The challenge to researchers in the multi-media community is to develop methods, techniques, and algorithms to automatically generate narrative themes for a given video, as well as present the content in an easy-to-consume manner to end-users in a search engine experience.

– Robust Clustering Guided by User Intent in Image Search

With the growing number of images on the Internet it is important to have the ability to organize and surface the images in the most efficient, meaningful way possible so that more images can be surfaced to searchers. The challenge to researchers in the multi-media community is to 1) develop a robust way of understanding user intent and 2) generate highly relevant clusters for the given intent and query.

Google

– Robust, As-Accurate-As-Human Genre Classification for Video

A notion of browsing collections is naturally associated with videos. Having videos classified into a pre-existing hierarchy of genres is one way to make the browsing task easier. The goal of this task would be to take user generated videos (along with their sparse and noisy metadata) and automatically classify them into genres.

Nokia

– Where was this Photo Taken, and How?

This challenge focuses on capture device location and orientation, one dimension of content metadata. The problem can be stated simply: try to derive exact camera poses (location and orientation) of given photos that are lacking location annotation. This kind of technology could potentially be used to add metadata to existing or newly captured photos.

– Robust Identification of Informative Multimedia Content in Web Pages

In recent years, there is research in web content analysis and extraction that attempts to tackle similar problem, but many emphasize the textual information instead of the associated multimedia data.
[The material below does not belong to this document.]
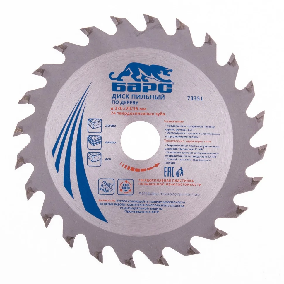 Пильный диск Барс 73351, ф130 х 20 мм, с 24 зубьями и кольцом 20/16 мм предназначен для быстрого пиления древесины мягких и твердых пород, ДСП, МДФ и фанеры. Тип зубьев АТВ и оптимально подобранный угол зуба позволяют производить как продольный, так и поперечный распил. Диск используется совместно с торцовочными и циркулярными пилами с посадкой 20 мм. В комплект входит переходное кольцо на диаметр 16 мм, расширяющее возможности применения оснастки. Диск подходит для интенсивной эксплуатации и может использоваться в профессиональной сфере.ПреимуществаПовышенная износостойкость - пластины изготовлены из сплава YG8 твердостью свыше 88 HRА с добавлением легирующих компонентов, формирующих мелкозернистую структуру материала.Надежность - корпус диска выполнен из инструментальной стали твердостью 42 HRC и устойчив к деформациям.Долгий срок службы - увеличенные твердосплавные пластины выдерживают ударные нагрузки и позволяют многократно проводить заточку диска.Прочное соединение пластин с зубьями - для пайки используется комбинированный припой с высоким содержанием серебра.
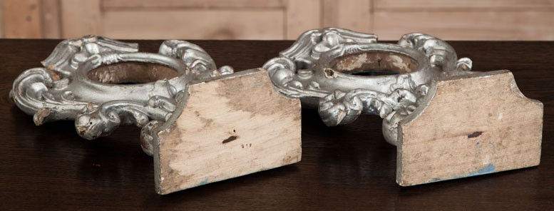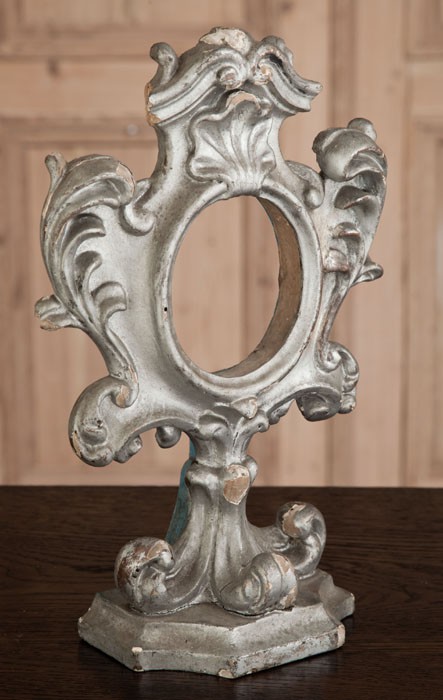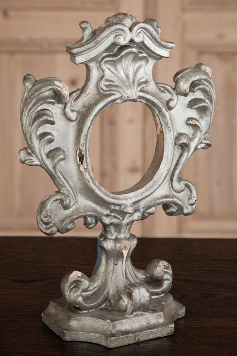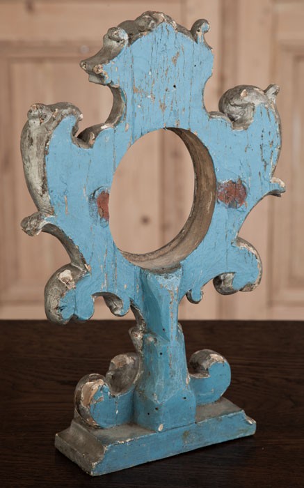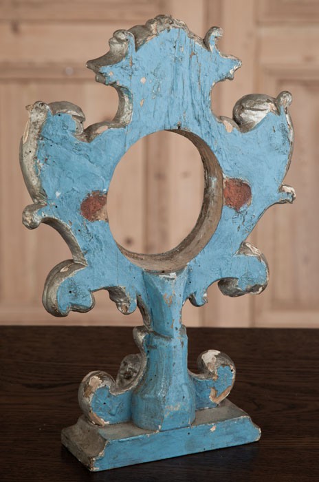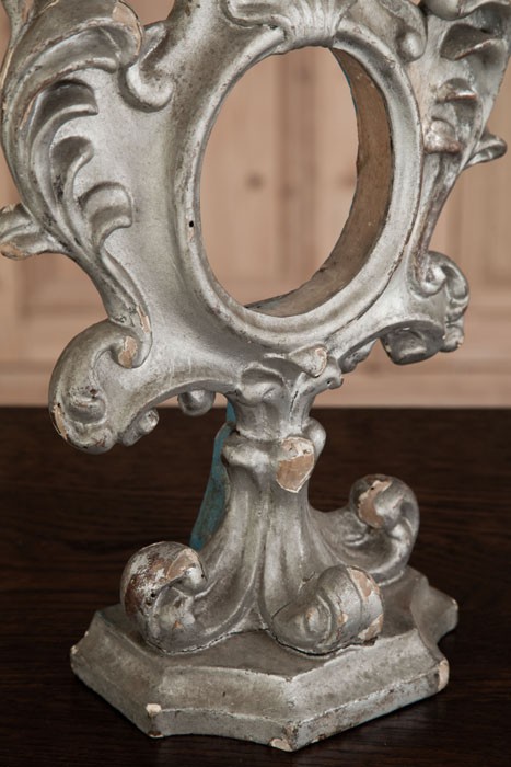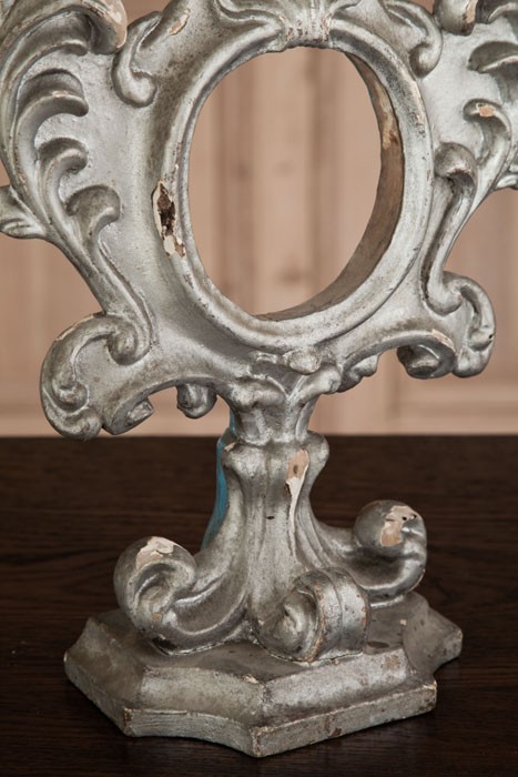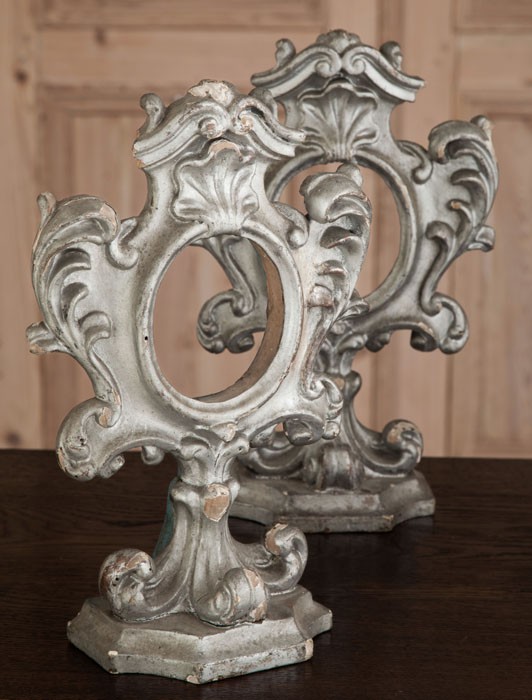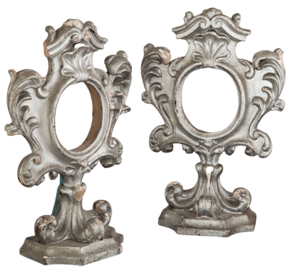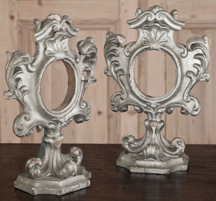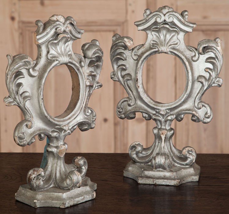 This elegant pair of Silver-leaf monstrances that once housed relics for a Tuscan cathedral, were sculpted by a devoted Italian artisan from solid walnut, then overlaid with silver leaf for a stunning effect. Rare to find from this era in this condition, they will make a stunning decorative accent to any room.

Thus, this Grand Challenge invites solutions to the robust identification and extraction of informative multimedia content for any arbitrary web page authored in any language, not just English: Ideally, we would like to have a Grand Challenge solution that is over 99% accurate for any web page of any language.

Radvision

– Video Conferencing To Surpass “In-Person” Meeting Experience

The great challenge for Video conferencing vendors is to supply users with a meeting experience that equals or surpasses “in-person” meetings. It is assumed that when meeting experience will be good enough, or even better, the technology could potentially minimize the need for “physical” meetings (at least for business purposes).

– Real-time Data Collaboration Adaptation for Multi-Device Video Conferencing

With the video conferencing market moving out of the meeting rooms and into laptops, netbooks, mobile devices, etc., data collaboration becomes a big challenge. The data, usually sent in high, native PC resolution (such as XGA), has to be adapted to multiple devices, each with its own processing and screen capabilities. This challenge focuses on adapting, in real-time, the data collaboration channel to different receiving devices, in a way that would be regarded as optimal perceptually by users.

CeWe

– The Next Generation of Tangible Multimedia Products

The open issue is how to help the user determine a meaningful subset of photos out of a collection, which best summarizes and represents the specific event. This is still not satisfactory solved after years of research in multimedia analysis and retrieval.

These are really straightforward, fascinating challenges, and it will be interesting to see how researches respond to the issues put forward. There’s still room for other corporations to participate in the Multimedia Grand Challenge 2009, contact details are at the bottom of this page.

The top submissions will be presented in a special event during the MM 2009 conference in Beijing, China. Based on those presentations, winners will be selected for Grand Challenge awards.

We’ll be sure to write a follow-up post on the winners!